The Patafa has not announced yet what it plans to do with its decision delisting Obiena from the national pool, but in a statement, Juico said the POC decision will not “distract us in our quest for truth, accountability, transparency and justice in our federation.’’
Also in Patafa’s pocket right now are plans to file charges against Obiena in relation to accusations that triggered this controversy in the first place: That the athlete misappropriated public funds and filed false liquidation reports regarding those finances.
“If this is the price I have to pay for holding my athlete accountable, so be it. I have nothing to be ashamed of. I will step out of the POC with my head held high,’’ Juico added in his statement.
Tolentino explained that Juico will stay on as athletics president “for other matters but no longer recognized by the POC.’’
He likewise clarified that Patafa could still function as a national sports association under the POC.
A total of 54 regular NSAs attended the GA and then 36 affirmed the persona non grata on Juico, including athletes’ commission member and Tokyo Olympics gold medalist Hidilyn Diaz of weightlifting and swimmer Jessie Lacuna.
“He is still the Patafa president for other matters without recognizing him, but they still have their vice president and secretary general who can attend POC activities,’’ said Tolentino, pointing out that a full majority vote wasn’t necessary since the POC is not suspending or ousting Juico as Patafa chief.

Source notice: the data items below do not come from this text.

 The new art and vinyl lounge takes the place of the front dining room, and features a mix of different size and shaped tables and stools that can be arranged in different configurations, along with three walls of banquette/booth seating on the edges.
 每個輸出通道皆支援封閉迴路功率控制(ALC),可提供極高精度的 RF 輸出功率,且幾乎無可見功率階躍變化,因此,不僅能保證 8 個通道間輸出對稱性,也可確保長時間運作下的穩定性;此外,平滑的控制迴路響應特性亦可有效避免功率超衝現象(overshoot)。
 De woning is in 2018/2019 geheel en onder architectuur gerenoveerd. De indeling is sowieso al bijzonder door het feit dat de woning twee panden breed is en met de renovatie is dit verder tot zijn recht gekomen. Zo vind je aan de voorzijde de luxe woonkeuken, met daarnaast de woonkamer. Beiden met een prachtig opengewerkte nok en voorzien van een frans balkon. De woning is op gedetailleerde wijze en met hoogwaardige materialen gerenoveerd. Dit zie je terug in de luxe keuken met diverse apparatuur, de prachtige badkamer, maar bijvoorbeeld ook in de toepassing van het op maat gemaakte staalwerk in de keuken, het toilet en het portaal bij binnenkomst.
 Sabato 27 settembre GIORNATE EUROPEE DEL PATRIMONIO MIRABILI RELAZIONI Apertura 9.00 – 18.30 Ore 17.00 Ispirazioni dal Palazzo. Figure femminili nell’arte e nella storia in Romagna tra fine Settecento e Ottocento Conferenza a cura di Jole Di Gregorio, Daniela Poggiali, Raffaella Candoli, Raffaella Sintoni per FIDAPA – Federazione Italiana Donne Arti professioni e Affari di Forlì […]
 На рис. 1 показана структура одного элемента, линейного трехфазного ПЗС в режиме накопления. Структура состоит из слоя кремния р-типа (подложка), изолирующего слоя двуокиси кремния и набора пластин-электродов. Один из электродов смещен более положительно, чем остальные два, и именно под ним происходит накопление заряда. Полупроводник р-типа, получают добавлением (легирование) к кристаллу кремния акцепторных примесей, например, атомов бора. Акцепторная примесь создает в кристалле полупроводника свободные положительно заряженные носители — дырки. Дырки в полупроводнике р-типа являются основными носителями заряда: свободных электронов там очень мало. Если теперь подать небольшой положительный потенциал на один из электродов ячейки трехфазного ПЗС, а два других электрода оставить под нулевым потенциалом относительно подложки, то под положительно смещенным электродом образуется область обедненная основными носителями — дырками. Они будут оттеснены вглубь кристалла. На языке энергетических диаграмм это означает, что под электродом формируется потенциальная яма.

The POC was merely ratifying a decision by its executive board based on a recommendation by the ethics panel that probed the issue on a complaint filed by Obiena.
Puentevella was among five federations that voted against the motion to ratify the executive board’s decision. Puentevella’s star athlete, Diaz, voted in favor of declaring Juico persona non grata. Diaz and Lacuna said their votes were in accordance with the stand of the Athletes’ Commission.
Eleven NSAs refused to vote.
International Olympic Committee executive board member Mikee Cojuangco-Jaworski abstained, along with top officials from dancesports and netball.
“The process was railroaded. Again, there was no due process because there was no division of the house,’’ said Juico in his statement.
“Instead, the POC claimed that a pre-circulated resolution was signed by 36 POC members who affixed their signatures without any resolution having presented during the general assembly for voting and neither I nor several other POC members received this resolution as the same resolution to be voted on during the general assembly,’’ added Juico.
Tolentino said Juico was afforded due process in an earlier meeting the latter attended. Both parties were also requested to submit their position papers prior to the verdict of the ethics committee.
The rift between the NSA for track and field and its superstar athlete stemmed from Obiena’s late disbursement of salaries to his Ukrainian coach Vitaly Petrov while they trained in Formia, Italy, in preparation for the Tokyo Olympics.
Aside from the PSC, state auditors of the Commission on Audit are also scrutinizing the liquidation papers submitted by Obiena.